◆ **TASK REQUIREMENTS**: Starting at the line below holding "Fashion SB0888 Обувь" and stopping at the line holding "Überraschen Sie Marzipan-Liebhaber", print every line exactly, both ends included, and leave the rest out.

◆ **RECORDED INFORMATION**:
________________________
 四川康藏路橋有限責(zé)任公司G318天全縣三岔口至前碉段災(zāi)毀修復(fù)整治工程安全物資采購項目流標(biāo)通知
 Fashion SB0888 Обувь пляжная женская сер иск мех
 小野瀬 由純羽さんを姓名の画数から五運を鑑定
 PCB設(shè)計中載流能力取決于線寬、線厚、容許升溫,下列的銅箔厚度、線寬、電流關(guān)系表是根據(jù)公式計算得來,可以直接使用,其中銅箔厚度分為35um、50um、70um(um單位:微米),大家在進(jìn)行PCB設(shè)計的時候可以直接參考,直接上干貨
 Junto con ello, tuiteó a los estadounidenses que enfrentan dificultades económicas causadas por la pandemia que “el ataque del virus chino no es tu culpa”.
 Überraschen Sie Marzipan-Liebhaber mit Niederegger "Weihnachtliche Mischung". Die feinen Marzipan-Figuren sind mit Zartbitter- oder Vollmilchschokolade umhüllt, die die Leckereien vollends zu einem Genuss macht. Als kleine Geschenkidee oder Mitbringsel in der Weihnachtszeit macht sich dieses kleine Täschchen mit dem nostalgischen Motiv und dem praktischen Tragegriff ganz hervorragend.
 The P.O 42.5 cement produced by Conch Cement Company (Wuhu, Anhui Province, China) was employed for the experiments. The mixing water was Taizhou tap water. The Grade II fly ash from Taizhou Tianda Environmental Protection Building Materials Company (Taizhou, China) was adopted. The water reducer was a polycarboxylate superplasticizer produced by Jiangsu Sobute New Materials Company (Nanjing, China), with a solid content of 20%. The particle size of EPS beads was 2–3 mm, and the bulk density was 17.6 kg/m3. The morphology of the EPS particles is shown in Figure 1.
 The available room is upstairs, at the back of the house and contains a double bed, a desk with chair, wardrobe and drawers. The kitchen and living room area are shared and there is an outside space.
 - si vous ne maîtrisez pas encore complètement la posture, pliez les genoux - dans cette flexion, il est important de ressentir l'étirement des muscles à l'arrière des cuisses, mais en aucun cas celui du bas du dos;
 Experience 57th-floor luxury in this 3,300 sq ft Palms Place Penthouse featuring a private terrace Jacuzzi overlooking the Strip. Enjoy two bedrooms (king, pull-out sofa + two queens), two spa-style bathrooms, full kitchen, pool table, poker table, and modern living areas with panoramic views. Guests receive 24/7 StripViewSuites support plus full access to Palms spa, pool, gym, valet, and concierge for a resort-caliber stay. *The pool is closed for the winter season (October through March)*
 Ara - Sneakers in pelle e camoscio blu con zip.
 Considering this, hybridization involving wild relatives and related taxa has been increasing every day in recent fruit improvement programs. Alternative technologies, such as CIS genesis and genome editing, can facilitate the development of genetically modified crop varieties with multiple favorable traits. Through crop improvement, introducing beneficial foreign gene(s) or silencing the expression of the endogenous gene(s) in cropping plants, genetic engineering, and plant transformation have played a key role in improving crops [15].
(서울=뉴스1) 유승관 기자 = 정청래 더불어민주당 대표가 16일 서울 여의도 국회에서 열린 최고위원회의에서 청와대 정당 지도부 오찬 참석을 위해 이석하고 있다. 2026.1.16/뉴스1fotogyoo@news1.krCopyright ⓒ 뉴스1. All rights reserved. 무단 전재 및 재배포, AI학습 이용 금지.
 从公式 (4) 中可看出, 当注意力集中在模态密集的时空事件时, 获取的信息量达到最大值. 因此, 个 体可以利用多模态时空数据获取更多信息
________________________
◆ **WRITTEN ANSWER**:
 Fashion SB0888 Обувь пляжная женская сер иск мех
 小野瀬 由純羽さんを姓名の画数から五運を鑑定
 PCB設(shè)計中載流能力取決于線寬、線厚、容許升溫,下列的銅箔厚度、線寬、電流關(guān)系表是根據(jù)公式計算得來,可以直接使用,其中銅箔厚度分為35um、50um、70um(um單位:微米),大家在進(jìn)行PCB設(shè)計的時候可以直接參考,直接上干貨
 Junto con ello, tuiteó a los estadounidenses que enfrentan dificultades económicas causadas por la pandemia que “el ataque del virus chino no es tu culpa”.
 Überraschen Sie Marzipan-Liebhaber mit Niederegger "Weihnachtliche Mischung". Die feinen Marzipan-Figuren sind mit Zartbitter- oder Vollmilchschokolade umhüllt, die die Leckereien vollends zu einem Genuss macht. Als kleine Geschenkidee oder Mitbringsel in der Weihnachtszeit macht sich dieses kleine Täschchen mit dem nostalgischen Motiv und dem praktischen Tragegriff ganz hervorragend.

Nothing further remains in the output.